She shrugs. “No harm, no foul.”
No harm, she says. A line of heavily armed police officers gaze down the pier at us, trying no doubt to figure out what’s going on. What is going on? None of this makes sense.
“I can’t imagine police departments armed with alien technology helps Great Power’s bottom line, Boshi.”
She smiles. “All of this helps the bottom line. Everything GP makes comes out of alien technology. Everything you do.”
“I don’t make weapons. I don’t sell them.”
“Neither do we,” Boshi says. “We sell power coils.”
“Then where do they get these guns?”
A gun wrenches out of the hands of a cop into mine. No serial numbers. No markings, except for a single word, stamped in small type on the bottom of the handle.
Umbra.
“What is ‘Umbra?’”
Boshi sighs. “You ought to know the first rule of the black market, Kitsie. No questions.”
Oh, I’ve got questions. More than I can handle. Umbra can wait. “Lamar was stealing from you. Why?”
“He must have sensed what I was doing… and apparently took advantage. But I had nothing to do with his death.”
“You don’t know how many coils he took from you?”
“I don’t keep records like Blind Tiger does. None of this ever happened. Right, Kitsie? Tonight didn’t happen.”

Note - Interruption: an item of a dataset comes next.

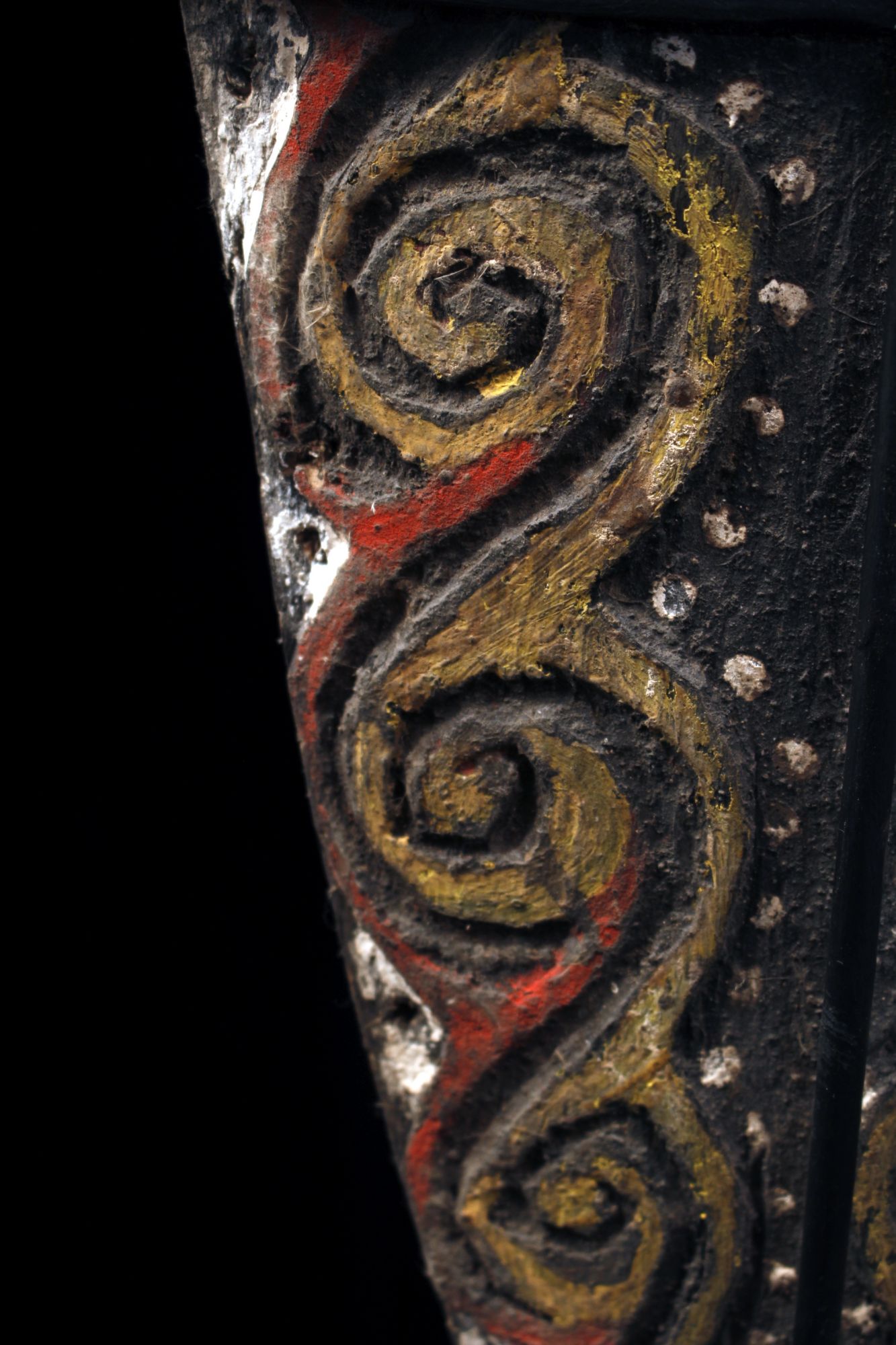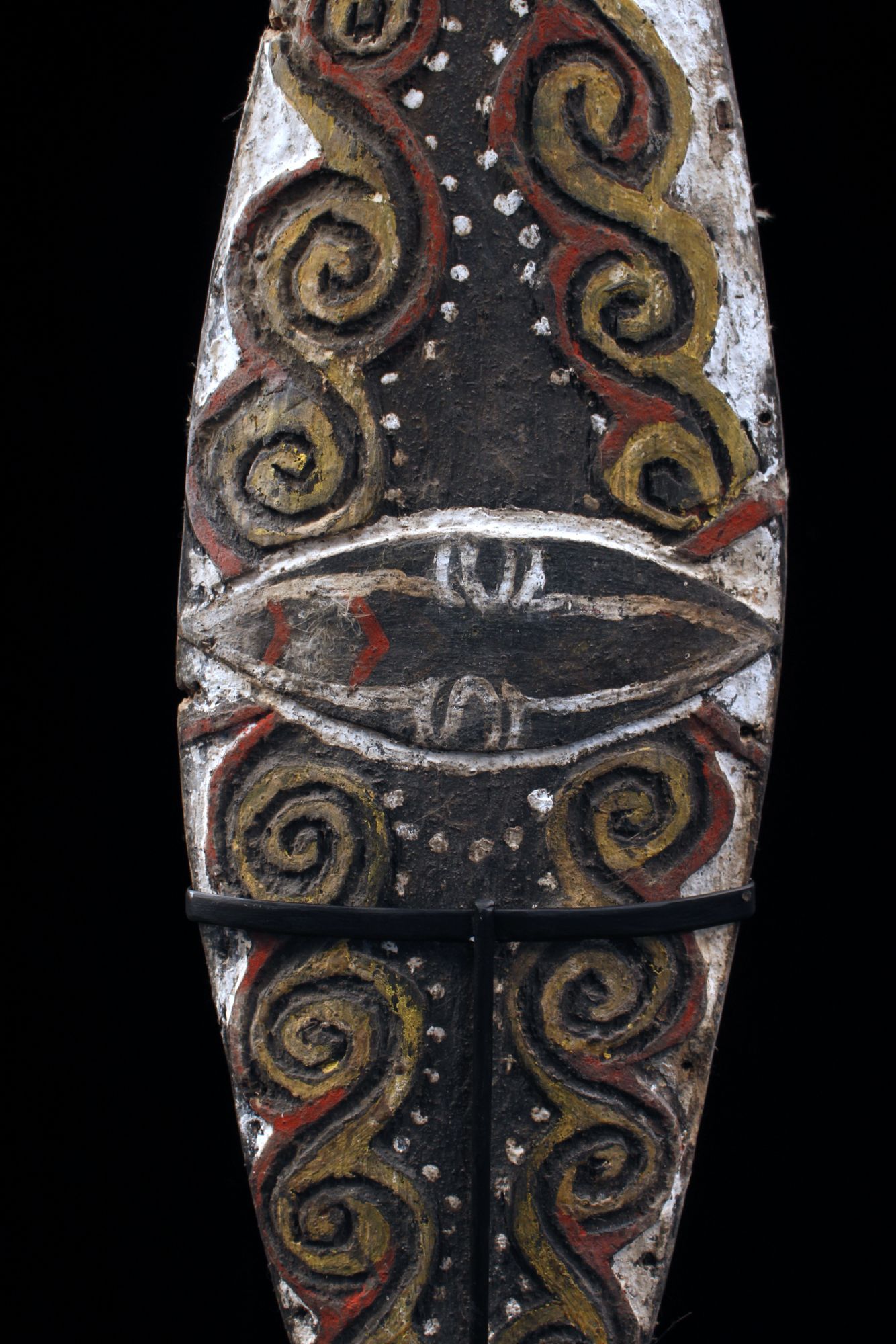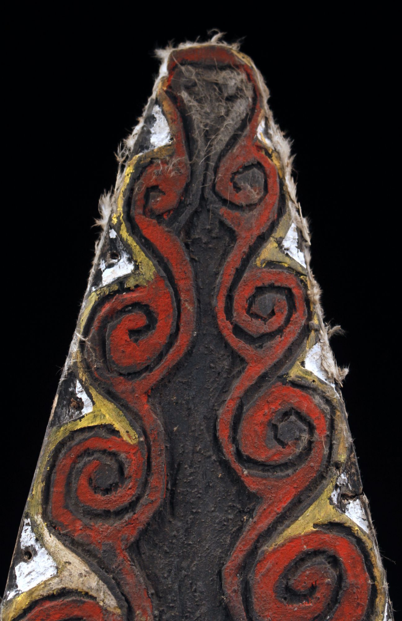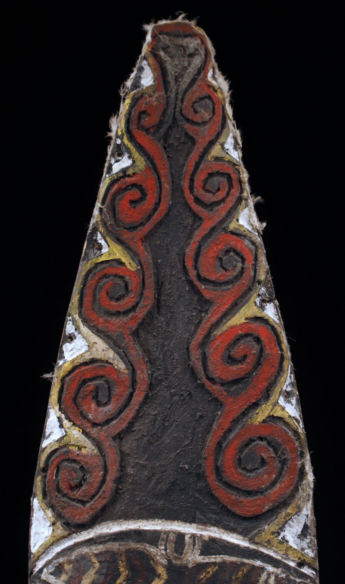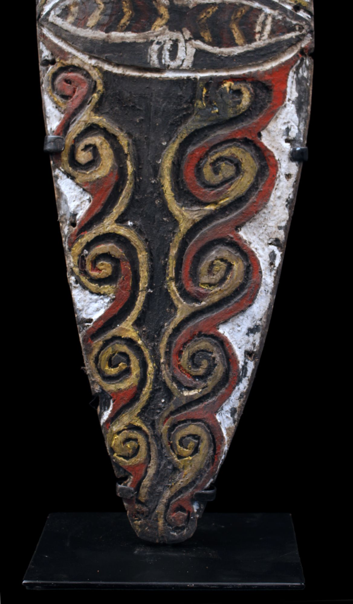 Planchette de culte biface provenant d'une maison de cérémonies. Ces planches, placées dans la maison des hommes, montrent de très vieux dessins qui sont la représentation abstraite d'éléments naturels (animaux et plantes totémiques, lune, soleil, étoiles, etc.) ou d'ancêtres mythiques. Ce sont de véritables tableaux artistiques dont les symboles sont une écriture à part entière... Bois léger pour s'animer au vent (preuve symbolique que tout objet, plante, animal a bien une âme), reste de plumes, pigments naturels et peintures. Vendue avec un socle de présentation.

Forgetting is easy for me. Not so much forgetting. Compartmentalizing. Mom’s struggles go into a box. Me breaking the law to put food on the table. Me being an alien. It’s easy. Simple. Do it enough, and you forgot what’s in all those boxes. You forget they’re even back there. Pile another on the stack. Take whatever bothers you and put it away. Get through the day. Put all this away. The Derelicts needs power. Light.
The gun disassembles in my hands. “You tell Anwar Detroit is dead money now, or I tell him you’re stealing from him.”
Her smile is so wary I expect it to reverse. “Remember where this money goes, Kitsie. Who it helps.”
“Read the terms and conditions. Blind Tiger and I have an arrangement. Steal from him, and you steal from me.”
“It’s not really stealing – "
“I doubt he’ll see it that way.”
Her smile fades. “I really don’t like you.”
“I don’t like you, either. But all the same, stand back.”
“Why?”
Runnels of magenta light surge beneath my skin. “Because now I have to redo all my work.”
The sun is gone from the sky when I get back to the city. Pink tissue clings to the bones of The Derelicts. Heavy snow piles on already vanishing streets, sparkling over fires burning in oil drums in and around City Hall. Before my transformation, I welcomed winter. Not for the cold. I hated the cold. What I liked was how small the city became. Desolate as it was, Break Pointe always bristled with the anxiety of birds, people, quickly turning pages in glommed together magazines. Hope flows through the city in spring and summer, but at the end of the year it freezes again and I could finally relax, numb. Hope terrified me. To hope for something else meant stopping the endless work I distracted myself with; it meant letting go.
I hover outside the curved windows of Applied Sciences, peering in at Abi, barely visible beneath her blankets. Her heart sends ripples through my magnetic field, ba-dumm, ba-dumm, ba-dumm, a signal trying to activate me. Deactivate me, maybe. Disable the firewall always purging any file trying to open, any link trying to connect and anyone else taking control.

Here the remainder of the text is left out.